Review Summary: Finally, a soundtrack that succeeds in exactly what it is supposed to do.1 of 1 thought this review was well written
Hanna is a soundtrack to a movie. That sentence wasn’t too hard to understand, now was it? Apparently, for many modern movie soundtracks, producers, this concept is beyond their reach. They are far too busy either making grandiose, “epic”, soundscapes that ultimately work against the movie, or see how many big name bands they can cram together to garner some attention into getting people buying their soundtrack. Sometimes they even enter into the worst vice of all, being boring.

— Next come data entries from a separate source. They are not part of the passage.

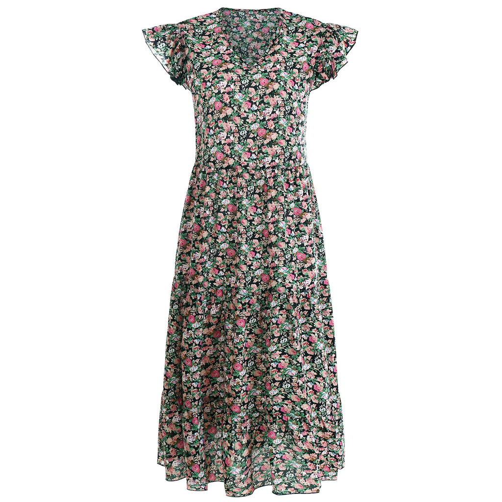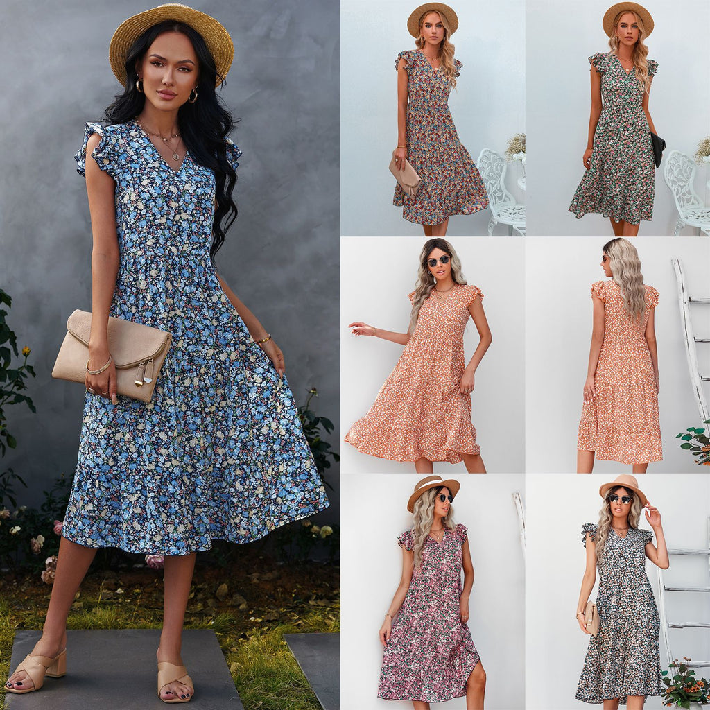 Drücken Sie sich für Frühling oder Sommer im Kurzarm Midi -Kleid der Frauen mit kurzem Ärmel. Dieses leichte und luftige Kleid ist mit mehreren Variationen zur Auswahl erhältlich.
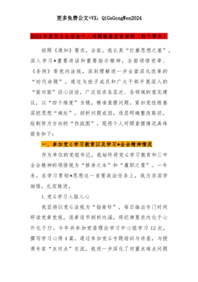 【七哥公文】2025年:2024年度民主生活会个人对照检查发言材料(四个带头)+更多免费公文+VX:QiGeGongWen2024+更多免费公文+VX:QiGeGongWen2024
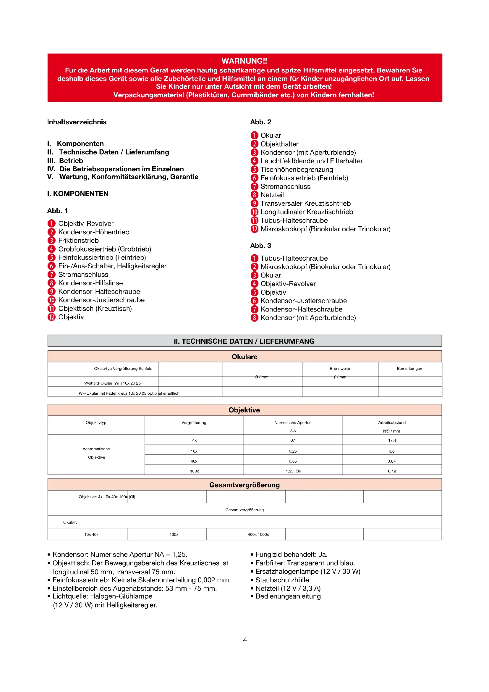 Kondensor (mit Aperturblende) Okulartyp Vergrößerung Sehfeld Ø / mm Brennweite ƒ / mm Bemerkungen Weitfeld-Okular (WF) 10x 20 25 WF-Okular mit Fadenkreuz 10x 20 25 optional erhältlich Objektive: 4x 10x 40x 100x (Öl) Gesamtvergrößerung Okular: 10x 40x 100x 400x 1000x Objektivtyp Vergrößerung Numerische Apertur
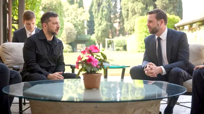 واشنگٹن(ہ س)۔امریکی نائب صدر جے ڈی وینس اور وزیر خارجہ مارکو روبیو نے وائٹ ہاؤس میں مشہور جھگڑے کے بعد پہلی بار روم میں یوکرینی صدر ولادیمیر زیلنسکی سے ملاقات کی۔زیلنسکی نے اعلان کیا ہے کہ انہوں نے استنبول مذاکرات پر تبادلہ خیال کیا جہاں روسیوں نے ایک نچلے درجے کا وفد بھیجا جس کے پاس فیصلہ کرنے کا اختیار نہیں تھا۔ انہوں نے ’’ ایکس‘‘ کے ذریعے وضاحت کی کہ امریکی حکام کے ساتھ ملاقات کے دوران انہوں نے حقیقی سفارت کاری کے لیے یوکرین کی آمادگی پر زور دیا اور جلد از جلد مکمل اور غیر مشروط جنگ بندی کی اہمیت پر زور دیا۔وینس اور روبیو نے یہ بھی کہا ہے کہ ملاقات میں روس پر پابندیاں لگانے، دو طرفہ تجارت، دفاعی تعاون، میدان جنگ کی صورتحال اور مستقبل میں قیدیوں کے تبادلے کی ضرورت پر تبادلہ خیال کیا گیا۔انہوں نے کہا روس پر اس وقت تک دباؤ جاری رہنا چاہیے جب تک کہ وہ جنگ روکنے کے لیے تیار نہ ہو جائے۔ انہوں نے یہ بھی واضح کیا کہ انہوں نے منصفانہ اور پائیدار امن کے حصول کے لیے مشترکہ اقدامات پر تبادلہ خیال کیا۔یہ بیانات اس وقت آئے ہیں جب امریکی نائب صدر جے ڈی وینس کی پریس ٹیم کے صحافیوں نے ان کے نمائندے کے حوالے سے اعلان کیا تھا کہ وہ اور وزیر خارجہ مارکو روبیو یوکرینی صدر ولادیمیر زیلنسکی سے ملاقات کریں گے۔انہوں نے اشارہ کیا کہ یہ ملاقات اٹلی میں امریکی سفیر کی رہائش گاہ پر بند دروازوں کے پیچھے ہو رہی ہے اور زیلنسکی کے دفتر کے ڈائریکٹر اینڈری یرماک بھی اس میں شرکت کریں گے۔یاد رہے کہ زیلنسکی نے 28 فروری کو وائٹ ہاؤس میں ٹرمپ سے ملاقات کی تھی۔ ان کے درمیان زبانی جھگڑا ہوگیا تھا جس کے دوران امریکی صدر اور ان کے نائب جے ڈی وینس نے زیلنسکی پر احسان فراموشی اور عدم احترام کا الزام لگایا تھا۔

The Chemical Brothers rather cleverly avoided these pitfalls by doing perhaps the most obvious thing of all, exactly what they were hired to do. They make a soundtrack to a movie. Songs stick directly to the important moods of the story, not getting caught up in words (sans the final track) or excessively flashy instrumentation. Much of the album is spent sending the listener on alternating volleys of songs emanating naïve innocence (Hanna) to songs dripping wet with the sweat of pure urgency (Escape 700). Two moods that are highly relevant to the story of a child assassin. The album only strays from this established set-up on a few occasions. Occasions carefully planned to establish the inherent dissonance in the concept of a child assassin. Whether it is the unsettling childhood toy keyboard sounds of The Sandman or the complete opposites being playfully juxtaposed in The Devil is in the Beats, each song sounds like it has meaning and purpose.
When playing the record, certain aspects of the songs leave the listener in awe. Not in the sense of how dense the music is--this is the Chemical Brothers we are talking about after all. No, it is more awe-inspiring in the sense that none of the elements feel wasted or become tiring--there is no boring lull in the album. They took the best parts of Further and Dig Your Own Hole, trimmed the fat, cranked the darkness to 11, and ended up with one of the most engaging records of their career, not to mention contributing one of the best soundtracks in the past few years.